Cyprus is set to have new airports, at Larnaca and Paphos, by 2008 or 2009.
They are being developed under a BOT (Build, Operate, Transfer) agreement with Hermes Airports, who took over ownership and management of the existing facilities from the government of the Republic in 2006 and will operate the existing and new airports for a period of 25 years.
Hermes Airports’ shareholders include Bouygues Batiment International (22 per cent), Cyprus Trading Corporation (11.34 per cent), Hellenic Mining (11.33 per cent), Vancouver Airport Services (11 per cent), Egis Projects (20 per cent), Aer Rianta International (11 per cent), Iacovou Brothers Construction (5.665 per cent), Charilaos Apostolides Public Limited (5.665 per cent), and Nice – Cote d’ Azur Chamber of Commerce and Industry (two per cent).
Building of the new airports is being undertaken by the French Bouygues, in cooperation with Iacovou Bros and Charilaos Apostolides. Vancouver Airport Services together with Egis Projects and the Nice Chamber of Commerce are offering their experiences in the operation of the two airports and the Hellenic Mining in the maintenance and supply of construction material. Meanwhile CTC and Ireland’s Aer Rianta have established CTC-ARI Airports Ltd, which has undertaken the operation and management of all trading activities of the two new airports for the 25 year period..
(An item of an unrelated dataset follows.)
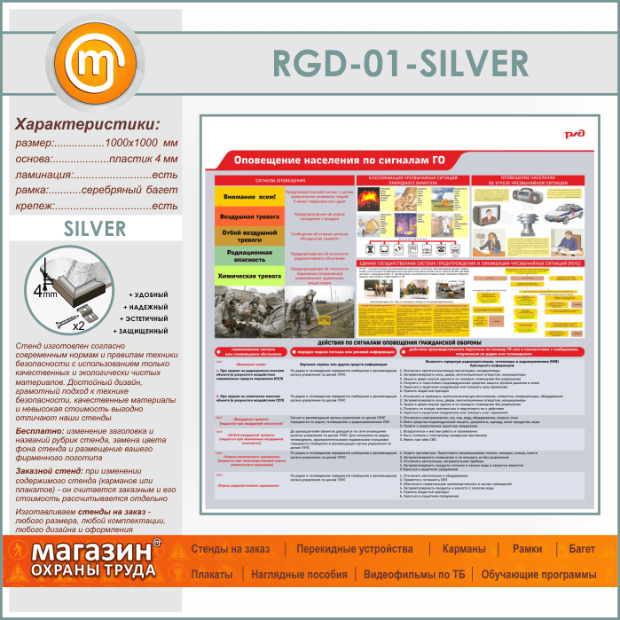 Стенд «Оповещение населения по сигналам ГО» (RGD-01-SILVER) в Бердске купить

The new airports are expected to raise capacity and offer improved travelling experiences to passengers visiting or transiting the island. Currently well over 30 scheduled airlines fly into the Republic, plus a number of charter companies. As of this year, Cyprus is also being serviced for the first time by a number of low-cost carriers including Excel Airways .
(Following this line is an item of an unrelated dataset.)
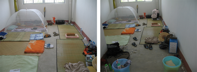 虽然宿舍没有床,队员们却毫无怨言。他们将地面清洗干净,铺上几张薄薄的草席为床。

However, airlines, travel agents and passengers are complaining that travellers are already being asked to pay heavily for the new airports - and thesituation will get worse before the end of the year. The existing facilities at Larnaca and Paphos are set to become the most expensive leisure-based airports in the Mediterranean following price increases to be imposed by Hermes.
The IATA has condemned the moves by Hermes, which will increase airport taxes by a massive 70 per cent this year. In a statement on the subject at the beginning of April, IATA said: “Each passenger will have to pay an additional CYP7 ($16.4) . Passengers are price-sensitive and the new charges will push Cyprus well up the expensive airports league in the region, making it less attractive to travellers. At a time when airlines have managed to reduce costs and improve efficiency, Hermes Airports is going in the other direction.”
Airport charges increased by 47 per cent on April 1 and further increases in July and November will push the total increase to 70 per cent by the end of the year.
“This is unacceptable”, said IATA. “Airlines and their passengers should be paying for the services they use and should not be billed for future infrastructure projects. No other industry pre-charges in this way. Nor should airports.
“This is yet another example of a monopoly service provider doing what it pleases. We have seen this behaviour elsewhere in Europe and have been forced to take legal action against airports and governments in France and the Netherlands over unjustified increases in charges. This is also why the European Commission has heeded our call for economic regulation of airports and is currently drafting a directive to put a stop to these practices. Hermes and the Government must think again before killing the goose that lays the golden eggs.”
The views are echoed by the The International Air Carrier Association (IACA), which has stepped up a campaign to raise awareness of the impact of the hikes on an island which has always listed tourism as a major revenue earner. Following a benchmarking exercise, IACA found that the new Cypriot charges would be “at least 100 per cent more expensive compared to other Mediterranean leisure-based airports”. As a result, the island is in danger of pricing itself out of the market and inflicting long-term damage to the country's tourism industry.
An IACA statement said: “Airport charges must reflect the quality and level of services provided at airports. While IACA airlines fully support initiatives to develop airport infrastructure, it is clear that airlines cannot be used to pre-finance such projects.”
Sylviane Lust, IACA director general, added: “These charges and fees fly in the face of the standards set by the aviation industry on charges…”
Hermes, which took over the management of Larnaca and Phaphos airports in May 2006, said the increases are legal and justified and form part of the agreement it signed with the government of the Republic in 2005. It also points to lower-than-expected growth in 2006 and 2007. The government’s statistical services said arrivals for January and February 2007 were down 4.6 per cent compared to last year, with decreases in arrivals from the UK and France but increases from Germany and Greece. Furthermore, Hermes say airport fees in Cyprus were originally ‘much too low’.
The increases being passed on to passengers are as a result of a series of new charges being imposed by Hermes for handling, security, fuel throughput and fire services. The government, which no longer contributes to the costs of the airports, will also have a concession fee allowing it to take 33 per cent of revenues earned from the airlines without any financial risk or any commitment to re-invest it back into airport infrastructure.